A system and method for associating of a primary evidence with at least one secondary evidence, comprising: determining if a primary evidence contains a required information; extracting at least one distinguishing identifier from the primary evidence upon determination that the primary evidence lacks the required information; searching a data source for at least one secondary evidence that has an association with the primary evidence based on the at least one distinguishing identifier; and, determining whether the at least one secondary evidence qualifies as an eligible secondary evidence and associating the at least one secondary evidence with the primary evidence when it is determined that the at least one secondary evidence is an eligible secondary evidence.

Description

A SYSTEM AND METHODS THEREOF FOR ASSOCIATING ELECTRONIC
DOCUMENTS TO EVIDENCE
CROSS-REFERENCE TO RELATED APPLICATIONS
[0001]This application claims the benefit of U.S. Provisional Application No. 62/547,1 19 filed on August 18, 2017, the contents of which are hereby incorporated by reference.
TECHNICAL FIELD
[0002] The present disclosure relates generally to analyzing electronic documents, and more particularly to associating evidences for accurately processing such electronic documents.
BACKGROUND
[0003] In countries where value added tax (VAT) is assessed and collected, and in some cases various other taxes as well, there exists a process for VAT reclaim. Such reclaim is typical for legal entities, for example companies, that both charge VAT and pay VAT. When an entity charges VAT, an amount is recorded in a VAT tax receipt and that amount is due to the tax collector. These entities also pay VAT when they make purchases of many kinds. Depending on particular tax laws such entities may deduct the amount of VAT paid from the amount of VAT collected. This is typically done on a monthly or bimonthly basis.

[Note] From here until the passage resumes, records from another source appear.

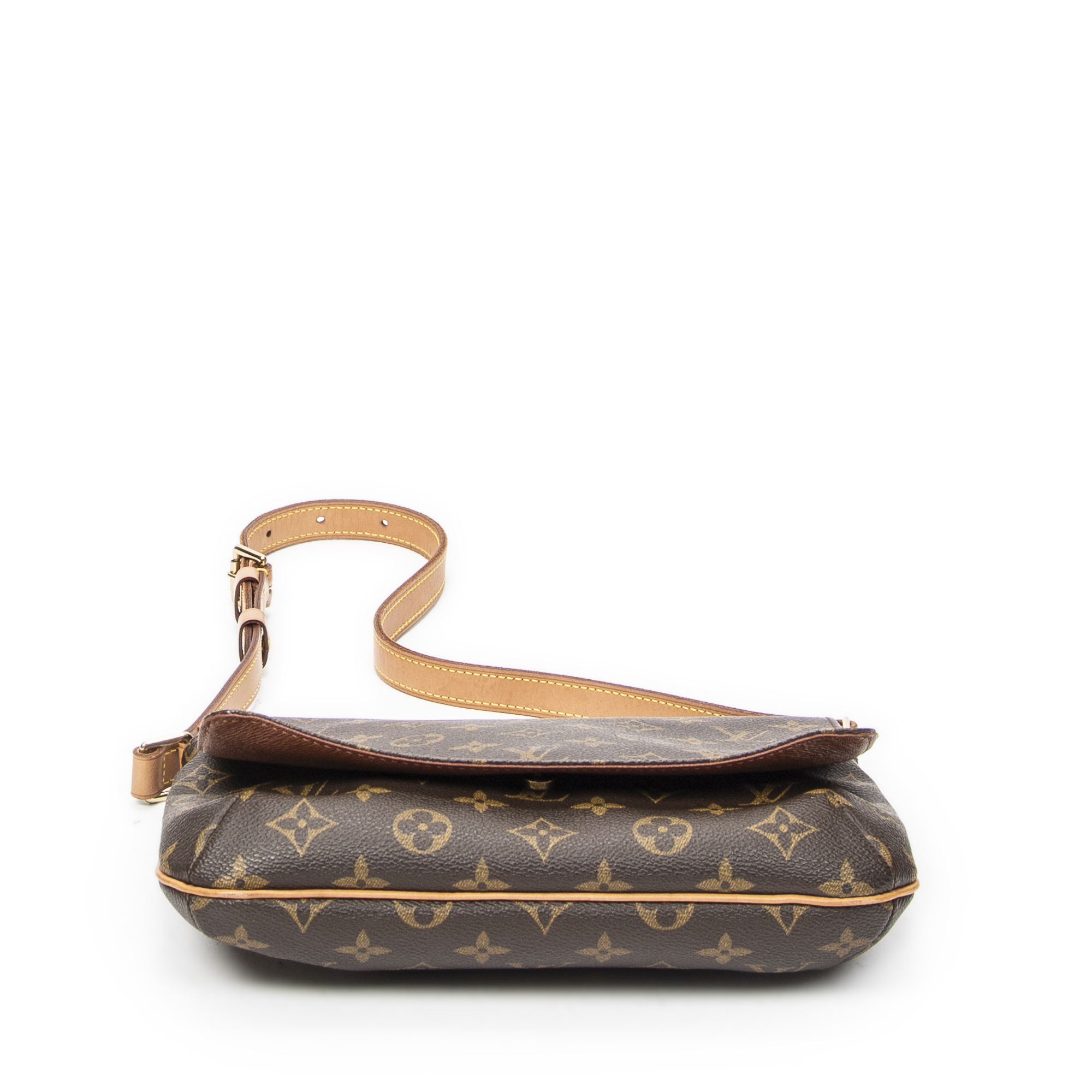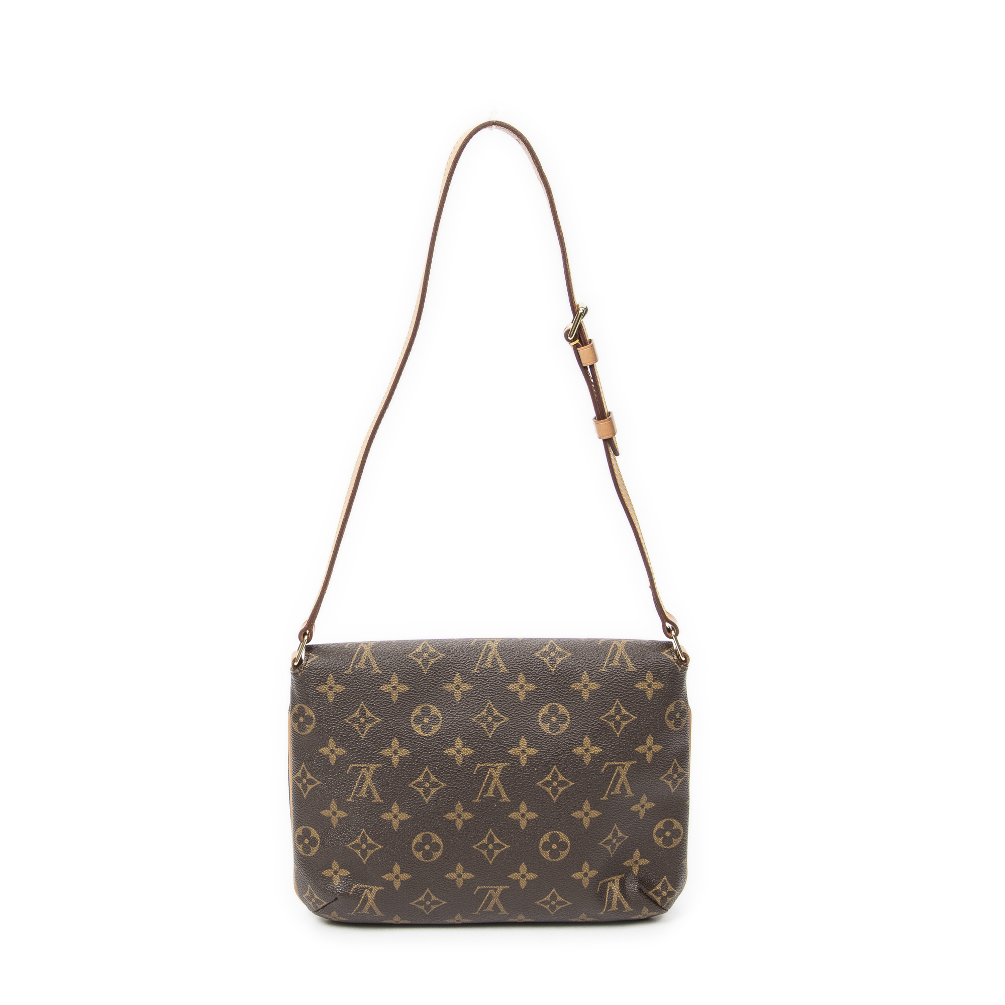 Louis Vuitton Shoulder Bag Musette Salsa in Brown Monogram Canvas and Golden Brass hardware. The product is in Excellent Condition (A).
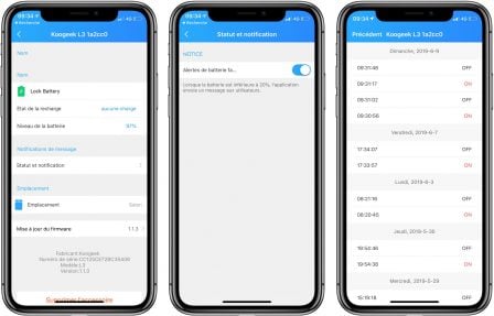 Des notifications sont aussi reçues sur l’iPhone et/ou iPad du foyer, lors de chaque ouverture et fermeture. Pour peu que l’on soit loin de chez soi, et qu’un concentrateur Homekit soit à portée Bluetooth du cadenas (iPad, Apple TV ou Homepod), alors on est prévenu de chaque action sur le cadenas, qu’elle soit effectuée via Homekit ou via une empreinte. Les alertes sont paramétrables et peuvent être désactivées.
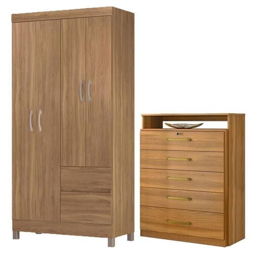 Kit Guarda Roupa Solteiro 4 Portas Lótus Cômoda Triunfo
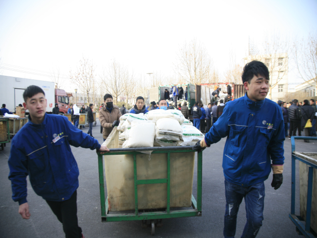 2月10日,公司主廠區廣場上非常熱鬧,員工以部門為單位,在這里領取公司為在崗員工和退休職工準備的豬腿、花生油、大米等“年貨”,以體現對廣大員工建設企業、奉獻事業的慰問之情。
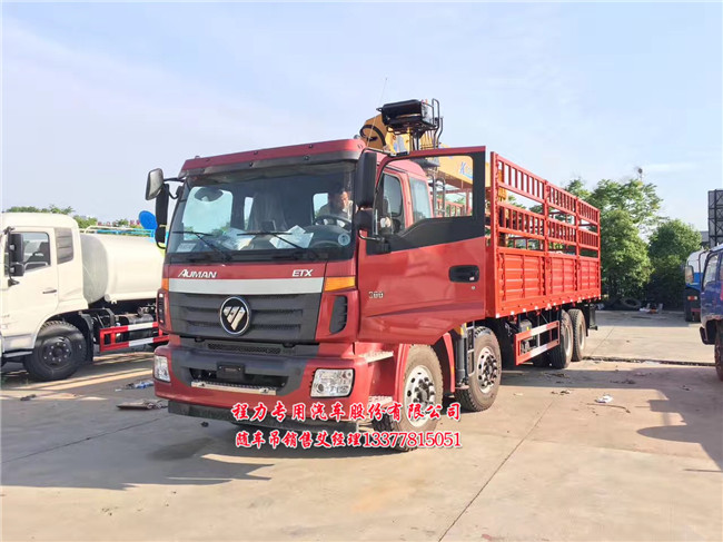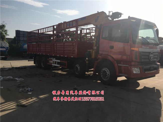 欧曼前四后八随车吊BJ国五排放标准最大300马力重要配置:2100+4500+1350 ETX2420平顶驾驶室、气囊座椅、倒车雷达、电动门窗 , 带取力器 457桥13吨 11.00-20 300马力康机超能动力 ,11785上牌吨位。要说这款前四后八国五随车吊配几吨吊机,这个要说用户一般吊几吨货,并且在几米之内吊货,此车一般配16吨各大品牌吊机,最大配25吨及8吨直折臂吊机。
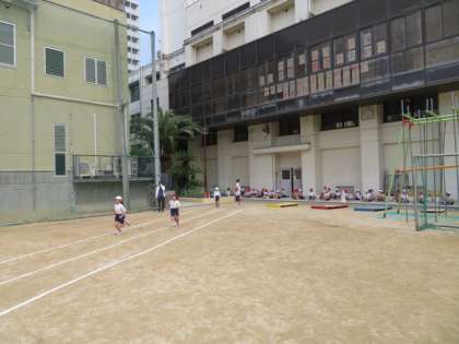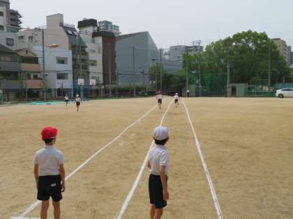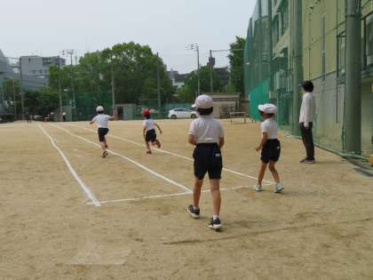 50m走のタイムをはかりました。4月の時より速くなったね。
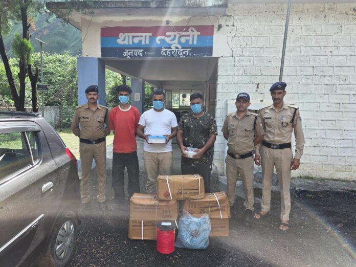 जानकारी के मुताबिक, एसएसपी देहरादून के निर्देश पर जिलेभर में सघन चेकिंग अभियान चलाया जा रहा है ताकि पंचायत चुनाव को निष्पक्ष और शांतिपूर्ण तरीके से सम्पन्न कराया जा सके। इसी क्रम में 10 जुलाई 2025 को त्यूणी पुलिस ने HP नंबर की एक ऑल्टो कार को रोका। तलाशी लेने पर कार से 5 पेटियों में रखा 125 किलो डायनामाइट, 2 डब्बे डेटोनेटर, एक लाल रंग की तार का रोल और नीली रंग की बत्ती का बंडल बरामद हुआ।
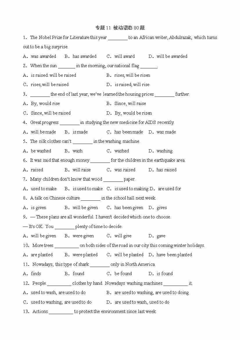 专题11 被动语态80题
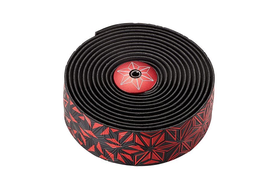 Star Plugz:Aluminium-Lenkerstopps, Schraube & Ausdehnung (3 mm), eloxiert oder pulverbeschichtet, lasergraviertes Logo, Finish Tape: High-End-Gummi-Tape (Multi-Use), Supacaz-Muster Frost Print.

[0004] It is straightforward for an entity to properly track the VAT it has collected by tallying the VAT that appears on each tax receipt issued by the entity. However, it can become more complex when attempting to deduct the VAT paid by the entity, as these payments may come from many different sources, have different formats and forms, and in many cases, for example, in the case of hotel receipts, may include only the name of the guest in the room and not the name of the entity making the payment and now wishing to reclaim the VAT.
[0005]This is often tedious and error prone work when done in small numbers and a daunting to impossible task when a large number of tax receipts must be processed. In some cases, it is permissible to provide secondary evidence when the primary evidence, i.e., the tax receipt, does not include the necessary information to associate it with the reclaiming entity. Such secondary evidence may be of various types, for example a trip report, an expense report, an e-mail, and the like, which may accompany the primary evidence.

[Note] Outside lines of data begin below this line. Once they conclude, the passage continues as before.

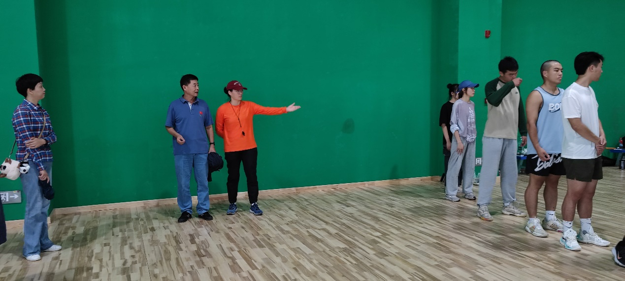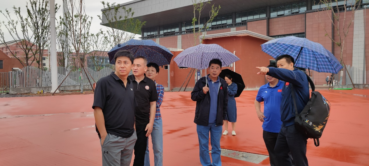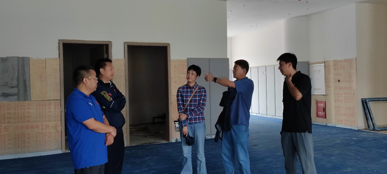 在付东副董事长引领下对田径、体能、体操等相关场馆逐一进行了实地勘察,建议公司要系统安排、综合考量、精心规划场馆,让员工置身于项目文化之中运动,沁润于公司独有的校园文化之中培养归属感。
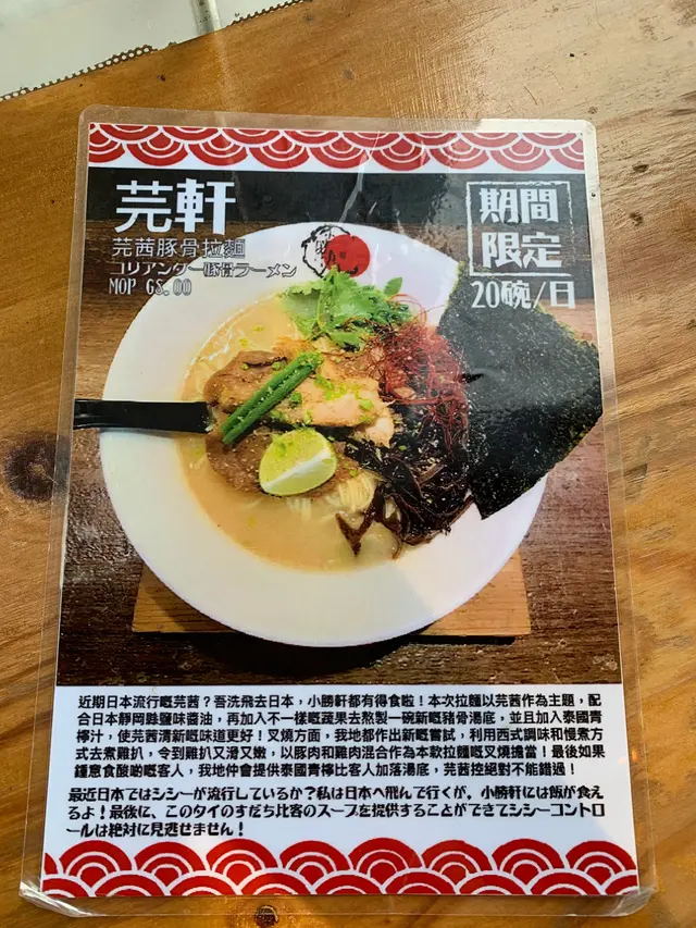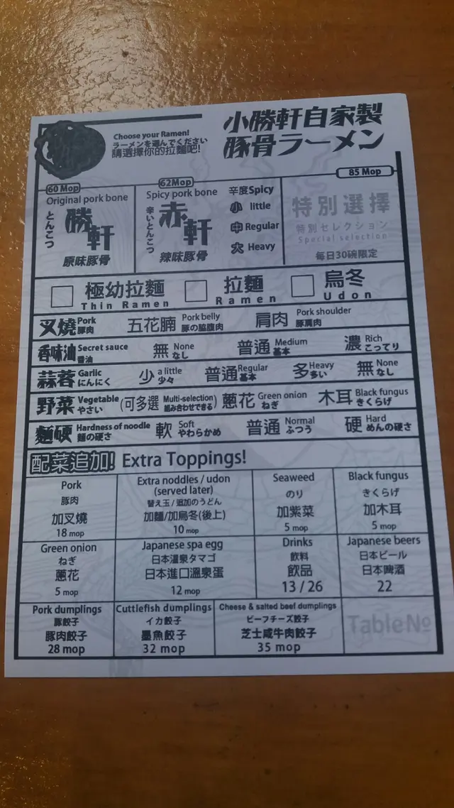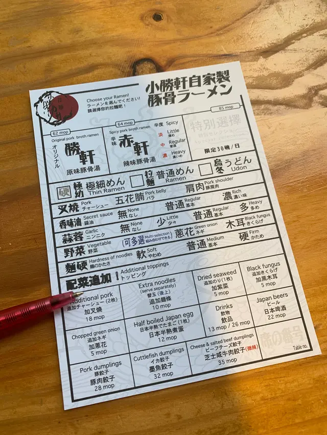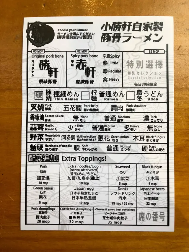小勝軒拉麵 (南灣) 網址: https://s.openrice.com/QrbS1708800 地址: 澳門南灣澳門商業大馬路A11號南灣壹號1樓B號舖 電話: +853 6204 6106
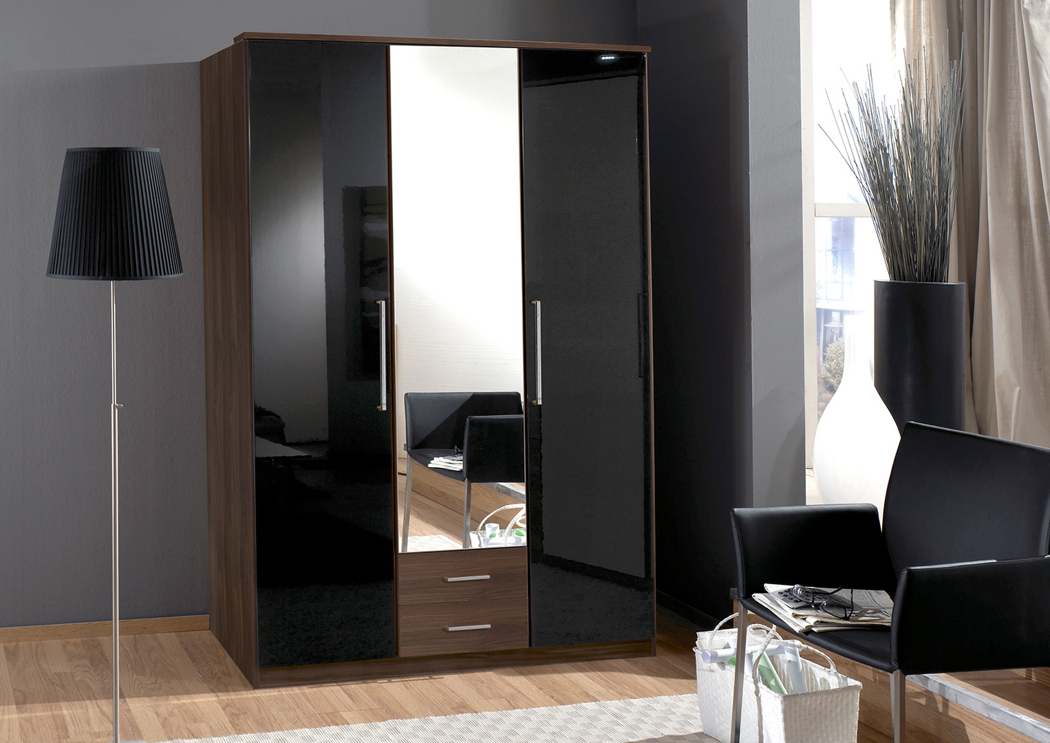 Armoire 3 Portes Avec Miroir Blanc Laque Et Noir Cbc Meubles

[0006] Often a demand for such evidence may be required several years after the event has taken place and the reclaim made, e.g., when the entity is being audited by auditors, tax authorities, and the like. Furthermore, for large businesses, the amount of data utilized daily by businesses can be overwhelming. Accordingly, manual review and validation of such data is impractical at best. Further, disparities between recordkeeping documents can cause significant problems for businesses such as, for example, failure to properly report earnings to tax authorities.
[0007] Some solutions exist for automatically recognizing information in scanned documents (e.g., invoices and receipts) or other unstructured electronic documents (e.g., unstructured text files). Such solutions often face challenges in accurately identifying and recognizing characters and other features of electronic documents.

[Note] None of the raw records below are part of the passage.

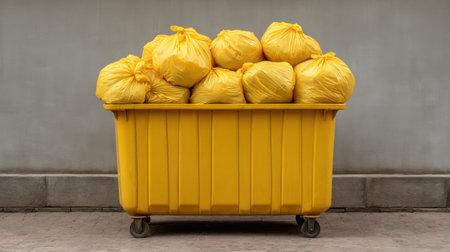 A bright yellow trash bin filled with plastic bags is photographed against a gray wall, illustrating urban waste management challenges and the importance of cleanliness.
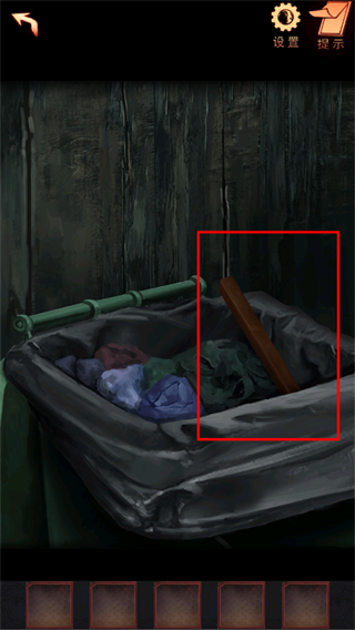 1、点击垃圾桶,找到里面的木棒,可作为后面的工具
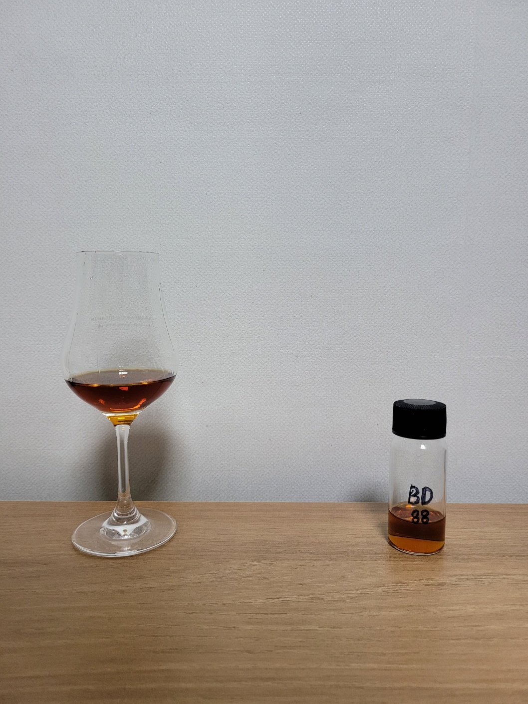 향: 숨을 크게 들이쉬어야 알코올의 기운이 느껴지기 시작한다. 축축하고, 음습하며, 어두운 톤의 향조로 가득 차있는데, 마치 자외선살균기에 오래 둔 스뎅컵의 냄새 같기도 하다. 앤티크/고가구에서 느껴질 법한 강한 우디(Woody)와 약간의 광택제 뉘앙스, 블랙베리, 블랙체리, 건푸룬, 라즈베리맛 투시팝스 막대사탕, 유지방 속의 단백질과 당분이 마이야르 과정을 거친 브라운 버터, 흑설탕을 졸였을 때 나는 달콤함과 미약한 화독내, 떡질 정도로 코코아 파우더로 완전히 버무린 트러플 초콜릿 또는 초코퍼지, 볶은 헤이즐넛과 아몬드에서 느껴지는 고소하고 풍부한 향, 얼그레이 피칸파이, 노골적인 에스프레소보다는 연한 원두커피 같은 쌉싸름한 향과 브라운에일의 뉘앙스, 은은한 체리나무칩 훈연향이 올라온다.
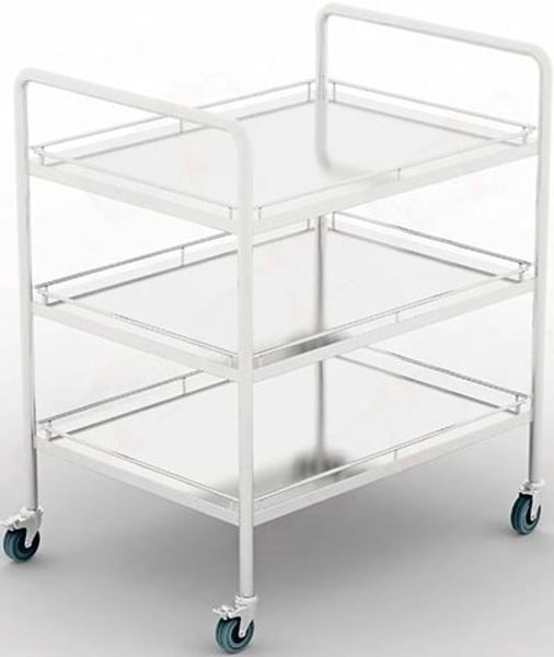 Тележки сервировочные предназначены для перемещения на предприятиях общественного питания продуктов, готовых блюд, напитков и посуды, а также для подачи грязной посуды из зала в моечное отделение. Тележки имеют прочную сварную конструкцию, снабжены колесами на резиновой основе, смягчающими вибрацию. Пара колес дополнительно снабжена блокировкой. На каждой полке предусмотрена отбортовка с 4-х сторон. Грузоподьемность тележки 100 кг.

[0008] Moreover, degradation in content of the input of unstructured electronic documents typically result in high error rates. As a result, existing image recognition techniques, which are not completely accurate under ideal circumstances (i.e., using very clear images), often have a dramatic decrease in accuracy when input images are less clear. Moreover, missing or otherwise incomplete data can result in errors during subsequent use of the data. Many existing solutions cannot identify missing data unless, e.g., a field in a structured dataset is left incomplete.
[0009] In addition, existing image recognition solutions may be unable to accurately identify some or all special characters (e.g., "!," "@," "#," "$," "©," "%," "&," etc.). As an example, some existing image recognition solutions may inaccurately identify a '!' included in a scanned receipt as the number "1 ." As another example, some existing image recognition solutions cannot identify special characters such as the dollar sign, the yen symbol, etc.
[0010] Further, such solutions may face challenges in preparing recognized information for subsequent use. Specifically, many such solutions either produce output in an unstructured format, or can only produce structured output if the input electronic documents are specifically formatted for recognition by an image recognition system. The resulting unstructured output typically cannot be processed efficiently. In particular, such unstructured output may contain duplicates, and may include data that requires subsequent processing prior to use. This would cause to failure in providing the secondary evidence as required.
[0011] It would therefore be advantageous to provide a solution that would overcome the challenges noted above.
SUMMARY
[0012] A summary of several example embodiments of the disclosure follows. This summary is provided for the convenience of the reader to provide a basic understanding of such embodiments and does not wholly define the breadth of the disclosure. This summary is not an extensive overview of all contemplated embodiments, and is intended to neither identify key or critical elements of all embodiments nor to delineate the scope of any or all aspects. Its sole purpose is to present some concepts of one or more embodiments in a simplified form as a prelude to the more detailed description that is presented later. For convenience, the term "certain embodiments" may be used herein to refer to a single embodiment or multiple embodiments of the disclosure.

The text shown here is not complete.